Los Angeles Lakers (14-52)
Los Angeles Lakers’ın durumunu açıklamak için iki istatistik yeterli. Ligde en kötü savunma yapan 4. takımıyken, aynı zamanda (kadro kalitesi oldukça düşük olan Philadelphia Sixers ile birlikte) ligin en kötü hücum yapan 2 takımı konumundalar. Takımın savunmada tökezlemesini normal buluyorum çünkü kısa rotasyonunda iyi savunma yapan oyuncu yok. Fakat Nick Young gibi kafasına buyruk oyuncuların kadroda bulunması rağmen Lakers hücumlarının bu kadar verimsiz olması net olarak koç Byron Scott’ın başarısızlığı.
Byron Scott sezon boyu saçma sapan işler yaptı. D’Angelo Russell ve Julis Randle’ı benche çekmesi bunlardan bir tanesi. Scott’ın zaten genç oyuncularla çalışmayı çok sevmediğini biliyoruz. Ancak göreve gelmesinin başlıca sebebi Kobe emekli olurken takımın en az zararla bu geçişi gerçekleştirmesiydi.
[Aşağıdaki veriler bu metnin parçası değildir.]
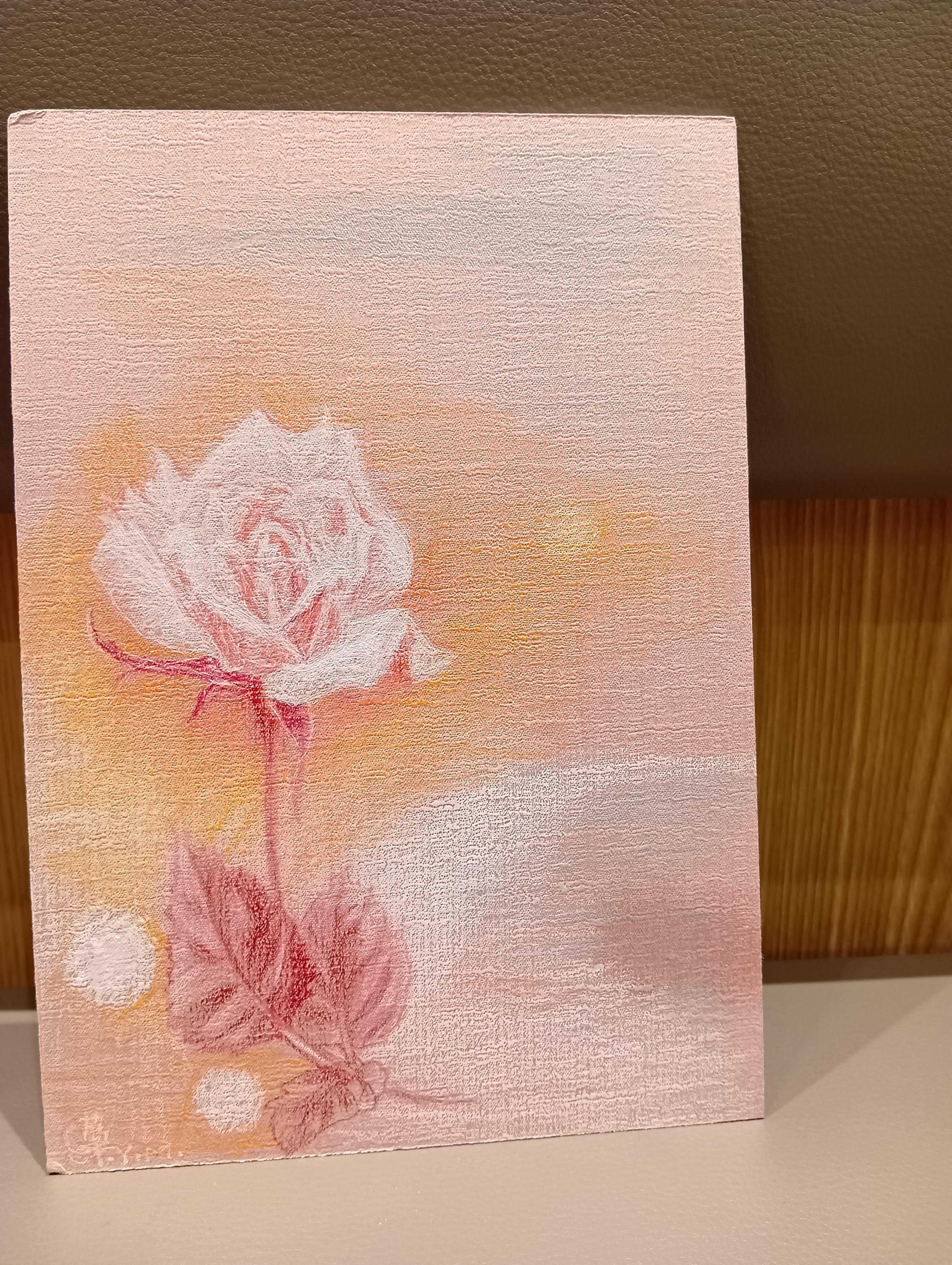 イラストボ―ド(サムホールサイズ22.7cm×15.8cm)に水彩色鉛筆とペンで丁寧に彩画しております。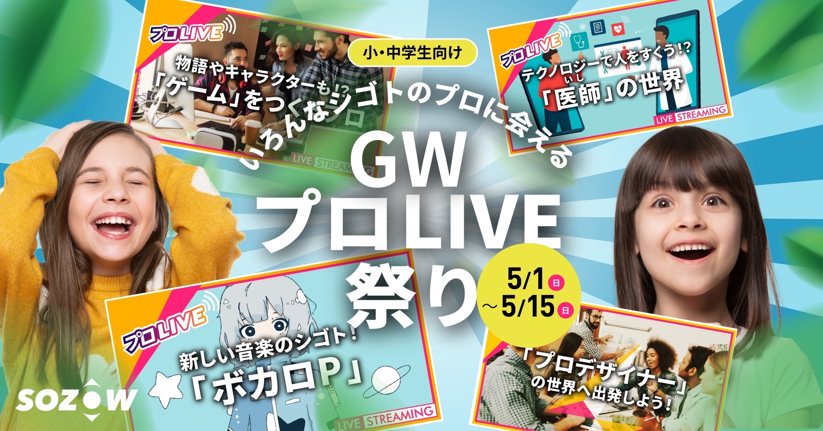 Go Visions株式会社(所在地:東京都品川区、代表取締役:小助川 将)が運営する小・中学生向けオンラインの学び場「SOZOW(ソーゾウ)」は、5月1日(日)から5月15日(日)の間、ボカロP・ゲームプランナー・デザイナー・医師の4名のプロをゲストにお迎えし、それぞれにシゴトについて子どもたちが直接お話を聞ける特別イベント「GWプロLIVE祭り」を開催します。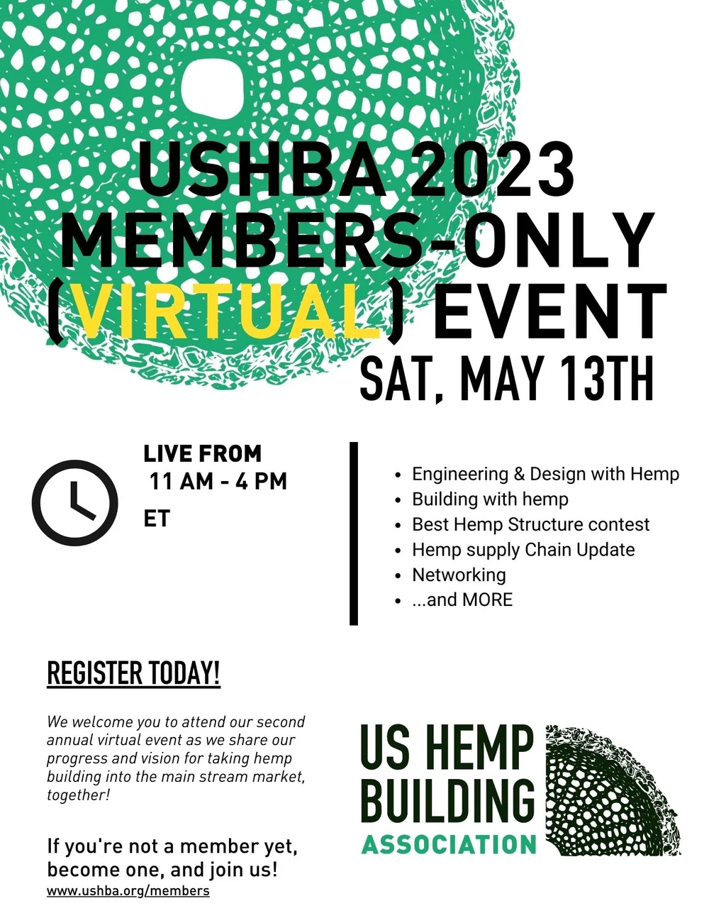 US Hemp Building Association will host an online Members Only event May 13.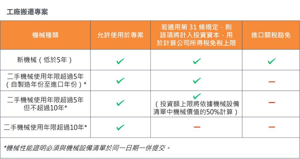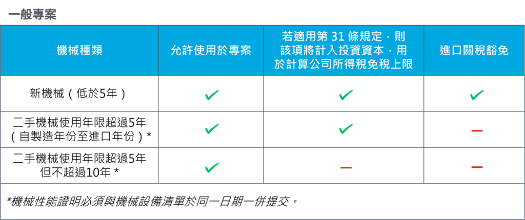 適用於在提交BOI申請後,尚未獲得項目核准前所進口的機械。每個項目僅可申請一次。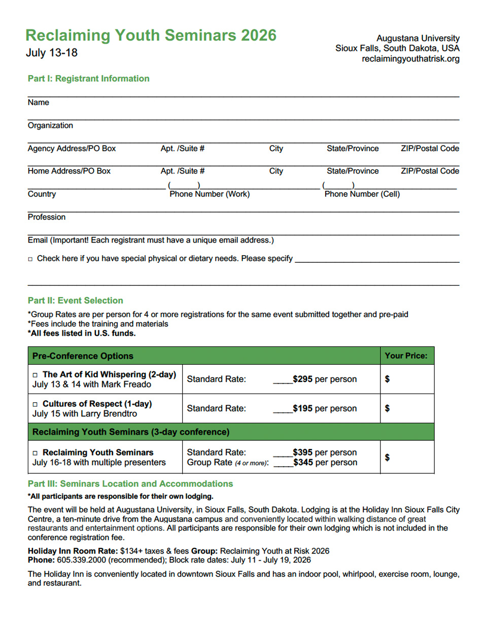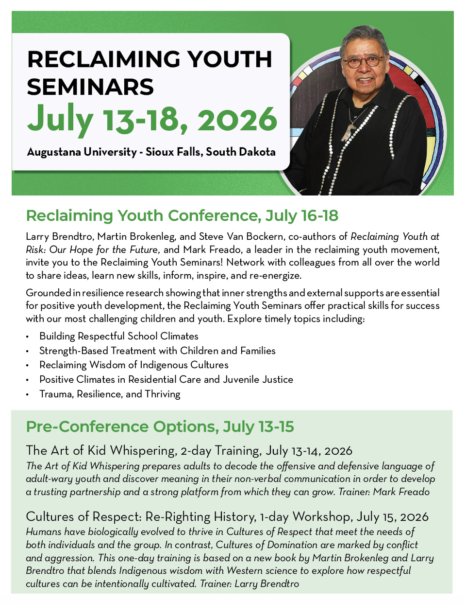 Larry Brendtro, Martin Brokenleg, and Steve Van Bockern, authors of Reclaiming Youth at Risk, and Mark Freado, a leader in the reclaiming youth movement, invite you to attend the Annual Reclaiming Youth Seminars! The 2026 seminars will be held July 13-18, at Augustana University in Sioux Falls, South Dakota, and will run from 8:30 AM to 4:30 PM daily.
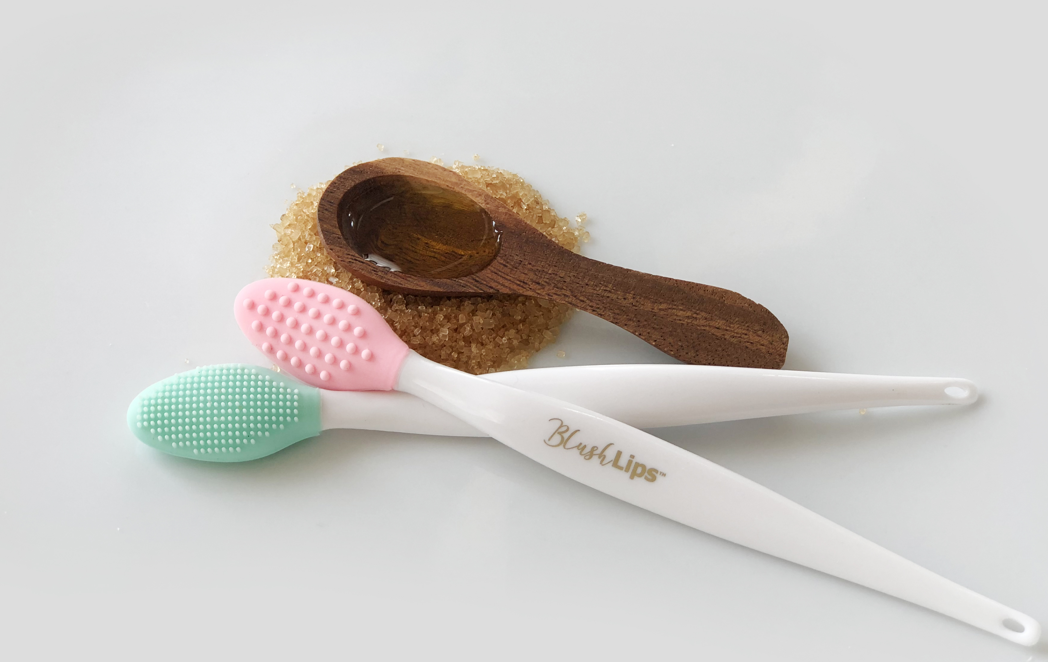 Use the BlushLips brush thin bristled side to slather the mixture onto lips and scrub gently in a circular motion for a few seconds or up to 2 minutes.

Ama adam o kadar kötü ki, takımın geleceği olan ve rotasyonda fazlaca süre alması beklenen iki oyuncusunu küstürmeyi başardı.
Takımda 32 yaşındaki Marcelo Huertas dışında, çaylak veya ikinci yılında olan 6 oyuncu var. Larry Nance Jr. beklenenden daha iyi bir gelişim gösterdi. En önemlisi de D’Angelo Russell büyük potansiyelli bir oyun kurucu ve bu yüzden Lakers hücumlarını onun üzerinden oynamak zorunda. Skorer yönü daha güçlü olan Clarkson’ın ise daha çok tamamlayıcı rolde oynaması gerekiyor. Ancak sezon boyunca, D’Angelo Russell tekrar ilk beşe yerleşene kadar, iki oyuncu aynı anda sahadayken Clarkson’ın Lakers hücumlarını yönlendirmesi izledik.
NBA tarihinin en iyi oyuncularından biri Kobe Bryant basketbola veda ediyor. Takımda 32 yaşındaki Marcelo Huertas dışında, çaylak veya ikinci yılında olan 6 oyuncu var. Gelecek sezon takım D’Angelo Russell, Jordan Clarkson ve Julius Randle etrafında kurulacak. Durum böyleyken, Lakers’ın eski günlerine dönmesi için acele etmeden takımın Russell ve Clarkson çekirdeğinin üzerine kurulması ve Byron Scott’ın kovulması gerekiyor.